REQUIRED WORK
Please transcribe every record below exactly, leaving out the pictures.

SUPPLIED RECORDS
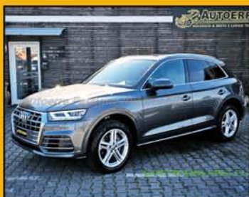
AUDI Q5 TDI QUATTRO S-Tronic S-Line anno 2020, full optional
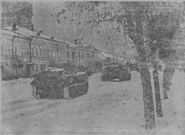
Tanques alemanes pasan por una calle de Kalinin, recientemente conquistada.

Berlín, 2.—En los centros competentes de la capital alemana se muestra gran reserva en cuanto se refiere a la entrevista entre Petain y Goering. Se estima prematura cualquier posición relativa a este asunto.—(Efe).
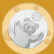
Fleur de coin

Valeur nominale légale: 8,85 francs suisses Alliage: cupronickel et bronze d'aluminium Dimensions: 171 mm x 106 mm x 8 mm Tirage: 7 000 pièces Jour d'émission: 1 er janvier 2021 Délai de vente: 31 décembre 2023 ou dans la limite des stocks disponibles
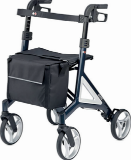
ID 302651 (Platin, Gr. L), 302653 (Platin, Gr. M), 302652 (Nachtblau Gr. L), 302654 (Nachtblau Gr. M)
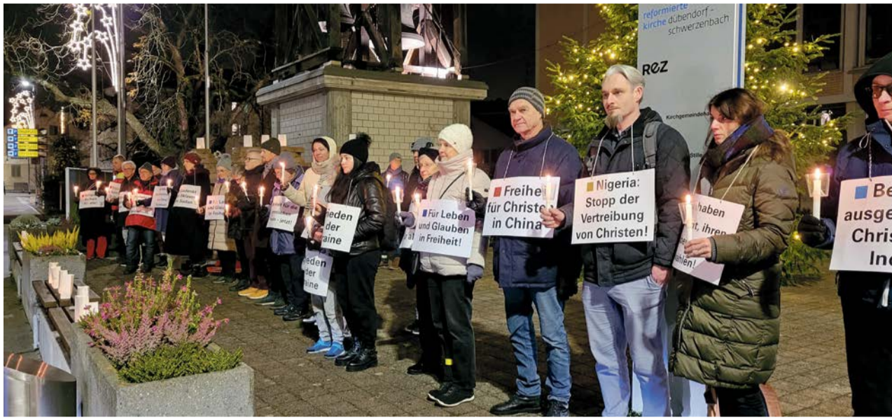
An der Mahnwache im vergangenen Jahr standen Freiwillige aus den reformierten, katholischen und Freikirchen in Dübendorf und Schwerzenbach für Menschen ein, die besonders um die Weihnachtszeit wegen ihres Glaubens bedroht werden.
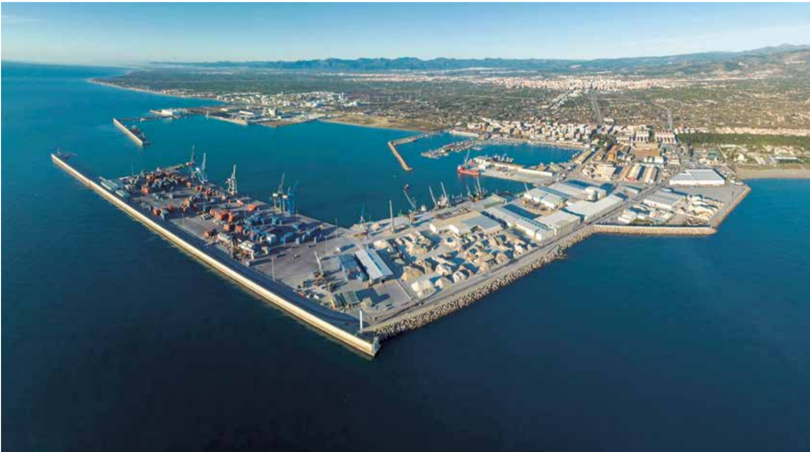
Vista aérea de las instalaciones del puerto de Castellón.

EL PUERTO CIERRA EL AÑO CON MÁS DE 6.000 PERSONAS ENTRE PASAJEROS Y TRIPULANTES Y NUEVAS ESCALAS PARA EL 2026
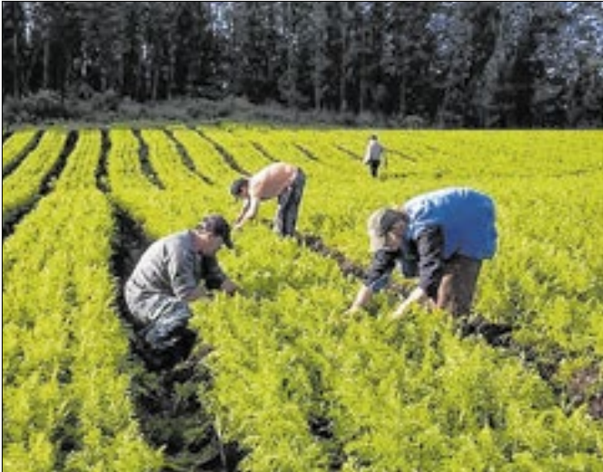
Medida permite renegociar dívidas devido à estiagem
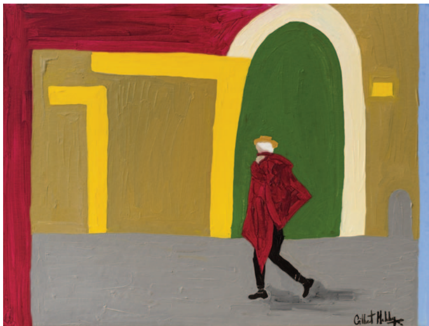
Inés , 2023 olio su tela applicata su cartoncino 30 x 40 cm
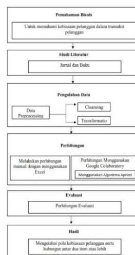
Gambar 1. Tahapan Penelitian
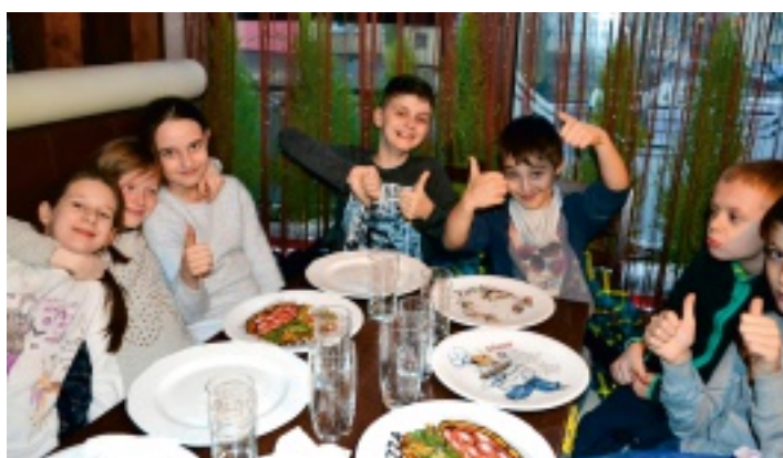
Wyjazd do kina i poczęstunek ufundował Urząd Gminy w Strawczyнку.
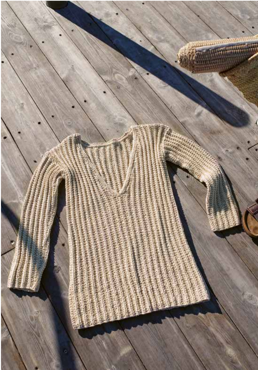
285-7 Genser med V-hals i Sumatra
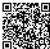
扫一扫 看视频 视频制作 陈晗
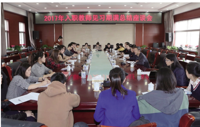
入职教师见习期满总结座谈会

学校现有专任教师 1078 人,其中具有正高级专业技术职务 160 人,副高级专业技术职务 431 人,博士 163 人,具有硕士学位 535 人,国务院特殊津贴专家 4 人,自治区有突出贡献的中青年专家 3 人,自治区“321 人才工程”第一、二层次人选 7 人,“111”人才工程人选 1 人,自治区教学名师 9 人,自治区优秀教师 3 人,自治区教坛新秀 5 人,自治区青年创新人才——“草原英才:工程入选第一层次 2 人,赤峰市“十百千学术技术带头人” 4 人,草原英才团队 2 个。
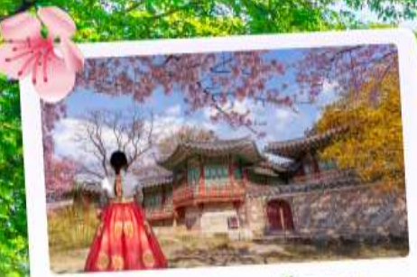
พระราชวังชางด็อกกุง
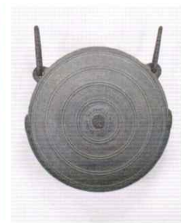
罎口 鎌倉時代 重要文化財
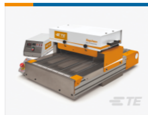
TE 产品编号 955018-000 CLTEQ-M105-TUNNEL-OVEN
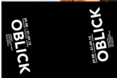
... und die Einladungskarte zu OBLICK 2012

Öffnungszeiten: Nur auf Anmeldung, telefonisch oder via e-mail: info(at)guteaussichten.org . Opening hours: Only by Request, please phone or e-mail: info(at)guteaussichten.org .
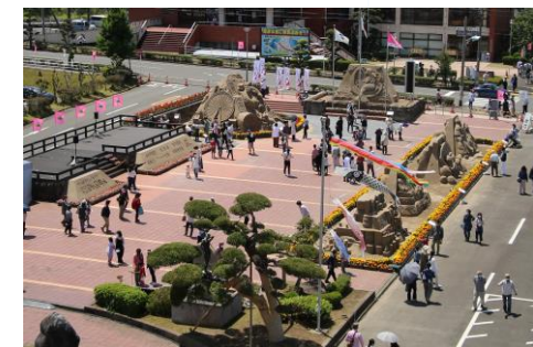
2021年(令和3年) 第34回吹上浜砂の祭典 新型コロナウイルス感染症に対応したイベントとして「まちなか」での開催
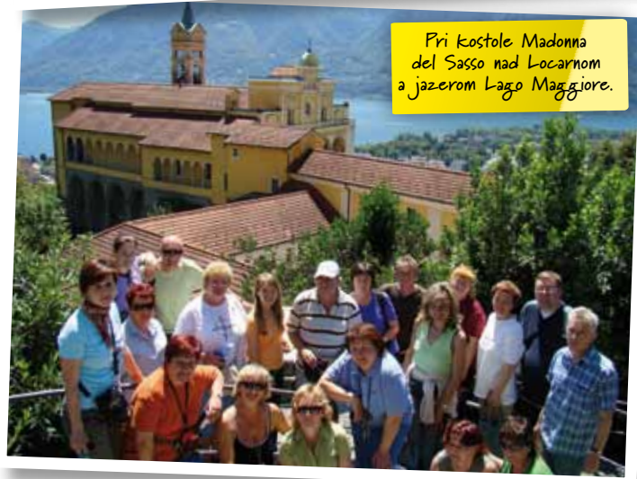
Pri kostole Madonna del Sasso nad Locarnom a jazerom Lago Maggiore.
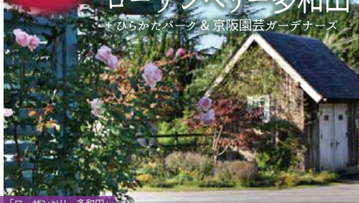
「ローザンベリー多和田」

びわ湖大津館 & ローザンベリー多和田 + ひらかたパーク & 京阪園芸ガーデナーズ
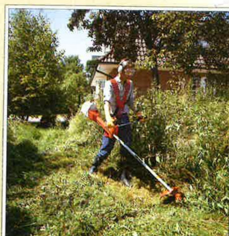
På gården, i skogen og i haven er DOLMAR ryddesag svaret når det gjelder å fjerne høyt gress, brennesle og annet uønsket vegetasjon.
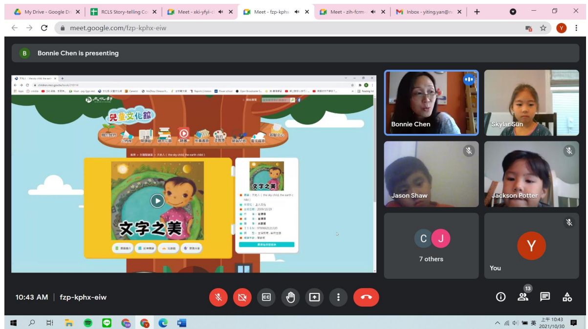
注音一年級班學習漢字文化

此次文化日改為線上教學，雖然增加了老師課程準備上的挑戰，也無法讓老師們能臨場示範或指導學生親手操作體驗。但是老師們在教學內容的製作上，卻更精美詳盡，不但能吸引學生們的注意，也讓其他家庭成員有機會一起學習了漢字文化知識。
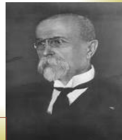
Tomáš Garrigue Masaryk

spolok, ktorý podporoval slovensko - českú spoluprácu a pomáhal Slovákovi kultúrne aj finančne

EXPECTED ANSWER
AUDI Q5 TDI QUATTRO S-Tronic S-Line anno 2020, full optional
Tanques alemanes pasan por una calle de Kalinin, recientemente conquistada.

Berlín, 2.—En los centros competentes de la capital alemana se muestra gran reserva en cuanto se refiere a la entrevista entre Petain y Goering. Se estima prematura cualquier posición relativa a este asunto.—(Efe).
Fleur de coin

Valeur nominale légale: 8,85 francs suisses Alliage: cupronickel et bronze d'aluminium Dimensions: 171 mm x 106 mm x 8 mm Tirage: 7 000 pièces Jour d'émission: 1 er janvier 2021 Délai de vente: 31 décembre 2023 ou dans la limite des stocks disponibles
ID 302651 (Platin, Gr. L), 302653 (Platin, Gr. M), 302652 (Nachtblau Gr. L), 302654 (Nachtblau Gr. M)
An der Mahnwache im vergangenen Jahr standen Freiwillige aus den reformierten, katholischen und Freikirchen in Dübendorf und Schwerzenbach für Menschen ein, die besonders um die Weihnachtszeit wegen ihres Glaubens bedroht werden.
Vista aérea de las instalaciones del puerto de Castellón.

EL PUERTO CIERRA EL AÑO CON MÁS DE 6.000 PERSONAS ENTRE PASAJEROS Y TRIPULANTES Y NUEVAS ESCALAS PARA EL 2026
Medida permite renegociar dívidas devido à estiagem
Inés , 2023 olio su tela applicata su cartoncino 30 x 40 cm
Gambar 1. Tahapan Penelitian
Wyjazd do kina i poczęstunek ufundował Urząd Gminy w Strawczyнку.
285-7 Genser med V-hals i Sumatra
扫一扫 看视频 视频制作 陈晗
入职教师见习期满总结座谈会

学校现有专任教师 1078 人,其中具有正高级专业技术职务 160 人,副高级专业技术职务 431 人,博士 163 人,具有硕士学位 535 人,国务院特殊津贴专家 4 人,自治区有突出贡献的中青年专家 3 人,自治区“321 人才工程”第一、二层次人选 7 人,“111”人才工程人选 1 人,自治区教学名师 9 人,自治区优秀教师 3 人,自治区教坛新秀 5 人,自治区青年创新人才——“草原英才:工程入选第一层次 2 人,赤峰市“十百千学术技术带头人” 4 人,草原英才团队 2 个。
พระราชวังชางด็อกกุง
罎口 鎌倉時代 重要文化財
TE 产品编号 955018-000 CLTEQ-M105-TUNNEL-OVEN
... und die Einladungskarte zu OBLICK 2012

Öffnungszeiten: Nur auf Anmeldung, telefonisch oder via e-mail: info(at)guteaussichten.org . Opening hours: Only by Request, please phone or e-mail: info(at)guteaussichten.org .
2021年(令和3年) 第34回吹上浜砂の祭典 新型コロナウイルス感染症に対応したイベントとして「まちなか」での開催
Pri kostole Madonna del Sasso nad Locarnom a jazerom Lago Maggiore.
「ローザンベリー多和田」

びわ湖大津館 & ローザンベリー多和田 + ひらかたパーク & 京阪園芸ガーデナーズ
På gården, i skogen og i haven er DOLMAR ryddesag svaret når det gjelder å fjerne høyt gress, brennesle og annet uønsket vegetasjon.
注音一年級班學習漢字文化

此次文化日改為線上教學，雖然增加了老師課程準備上的挑戰，也無法讓老師們能臨場示範或指導學生親手操作體驗。但是老師們在教學內容的製作上，卻更精美詳盡，不但能吸引學生們的注意，也讓其他家庭成員有機會一起學習了漢字文化知識。
Tomáš Garrigue Masaryk

spolok, ktorý podporoval slovensko - českú spoluprácu a pomáhal Slovákovi kultúrne aj finančne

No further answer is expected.